如何在Java中获取列表中的特定元素? [英] How to get to a particular element in a List in java?

问题描述

我有一个CSV文件.它有很多行.每行中都有多个用逗号分隔的值.

I have a CSV file. It has many lines. In each line there are multiple values separated by commas.

我正在使用OPENCSV从文件中提取数据.我希望能够直接转到List数据结构中的任何特定行.

I am using OPENCSV to extract data from the file. I want to have the ability to directly go to any particular line which is in List data structure.

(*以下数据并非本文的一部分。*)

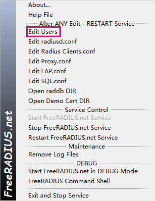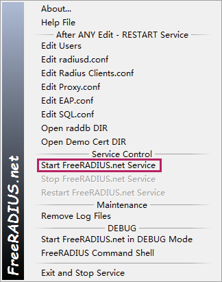 1)Right click the icon to load the following window. Choose Start FreeRADIUS.net Service to start the RADIUS server.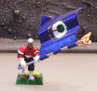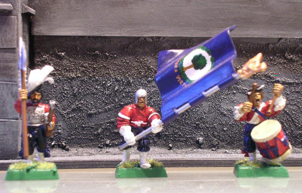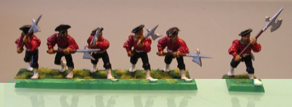 This unit consist of 35 halberdiers with full command and I frequently use parts of this regiment as detachements for other units. Like the rest of the army the halberdiers follow the colours of the British army of the 17th and 18th century. While the musician of this regiment does not wear a uniform as colourfull as that of the swordmens' musician, he can be clearly distinguished by his white sleeves.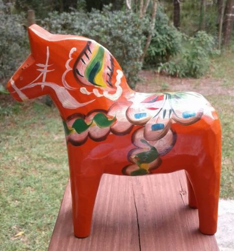Title (ebay affiliate link): Vintage Dala Swedish Horse Akta w/ original label Orange 6-1/2" Folk Art Sweden
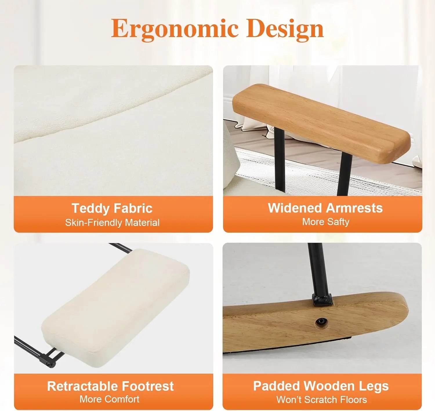 Transform your living space or nursery with this modern rocking chair designed for ultimate comfort and versatile use. Upholstered in plush teddy fabric, the chair offers a soft, inviting feel that makes it perfect for long reading sessions, nursing, or simply unwinding. Its uniquely adjustable backrest features six reclining positions, allowing you to customize your comfort from 90° to 160°. The retractable footrest provides full leg support for enhanced relaxation, turning any room into a restful retreat. Built with a sturdy steel frame complemented by solid wood armrests and legs, this glider rocker combines durability and elegance while supporting up to 250 pounds. Its sleek design and neutral beige tone integrate seamlessly with a variety of décor styles. Whether placed in a bedroom, living room, or nursery, it offers both functional comfort and modern charm. Upgrade your space today with this versatile accent chair that promotes relaxation and style.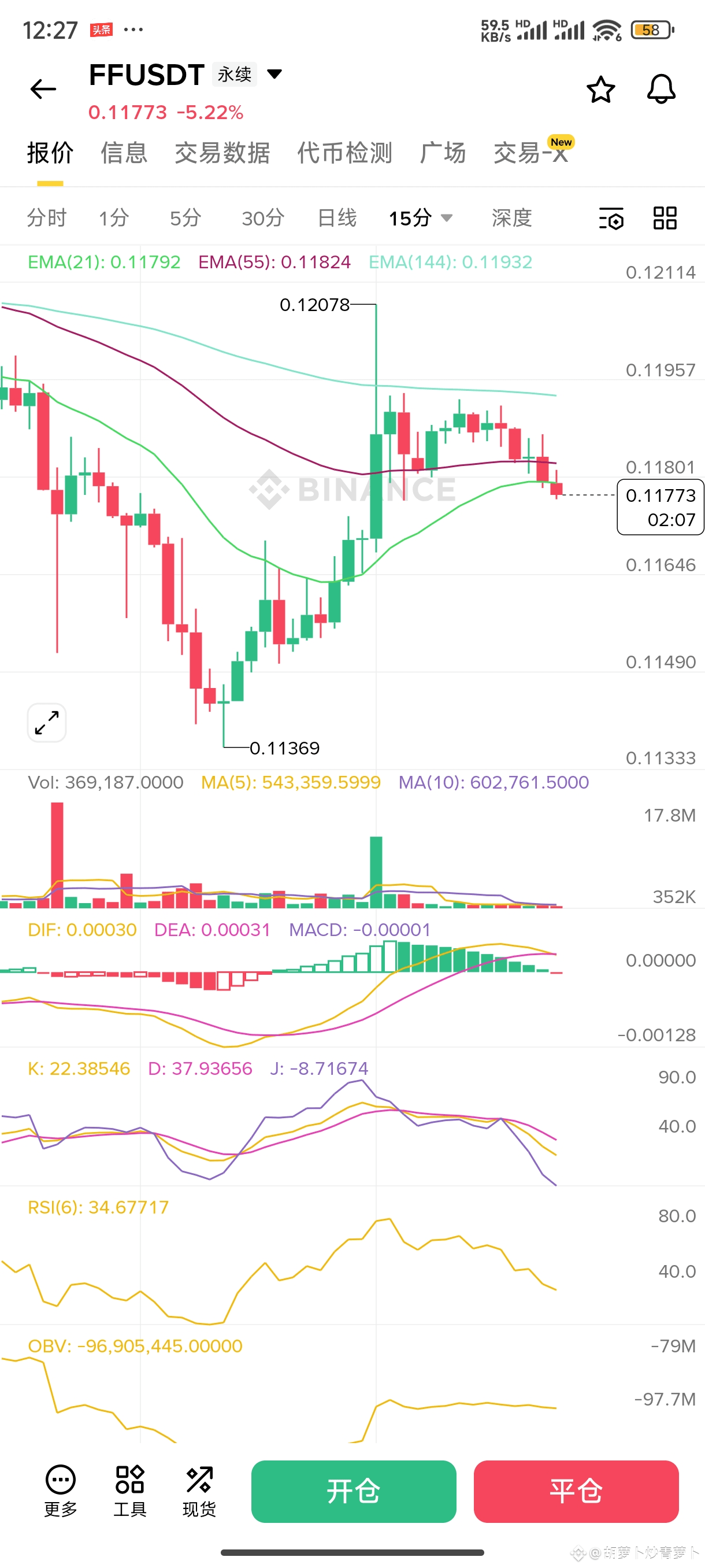 @Falcon Finance #FalconFinance 现在适合做空了,15分钟我们之前做多结束后,经历了短暂的盘整,前面第3根K线构成十字星,前后的K线都是阴线并且还是底部越来越低,构成了下降信号,同时MACD也构成了死叉,下跌的阻力看到0.11646附近,遇到反弹就止盈走人。

CSVReader reader = new CSVReader(new FileReader(
                    "myfile.csv"));
            try {
                List<String[]> myEntries = reader.readAll();
                for (String[] s : myEntries) {
                    System.out.println("Next item: " + s);
                }
            } catch (IOException e) {
                e.printStackTrace();
            }

此打印

Next item: [Ljava.lang.String;@6c8b058b
Next item: [Ljava.lang.String;@1b192059
Next item: [Ljava.lang.String;@e9ac0f5
Next item: [Ljava.lang.String;@51f21c50
Next item: [Ljava.lang.String;@6e20f237
Next item: [Ljava.lang.String;@34fe315d
Next item: [Ljava.lang.String;@1c5aebd9
Next item: [Ljava.lang.String;@1532021a
Next item: [Ljava.lang.String;@62803d5
Next item: [Ljava.lang.String;@2d13981b
Next item: [Ljava.lang.String;@61672bbb

我想知道是否仍然可以通过List访问各个行，元素.

I want to know if there is anyway I could access individual lines, elements via List.

即

    1,2,3,4,5
    6,7,8,9,10
    11,12,13,14
    15,16,17,18

我想要String [] nextLine = 1,2,3,4,5(其中nextLine [0] = 1 nextLine [1] = 2等等)，在下一次迭代中，nextLine应该为6,7,8,9 ，10等

I want String[] nextLine = 1,2,3,4,5 (where nextLine[0] = 1 nextLine[1] = 2 etc) and in the next iteration nextLine should be 6,7,8,9,10 etc

推荐答案

List接口支持通过get方法进行随机访问-要获取第0行，请使用list.get(0).您需要对此使用数组访问，即lines.get(0)[0]是第一行的第一元素.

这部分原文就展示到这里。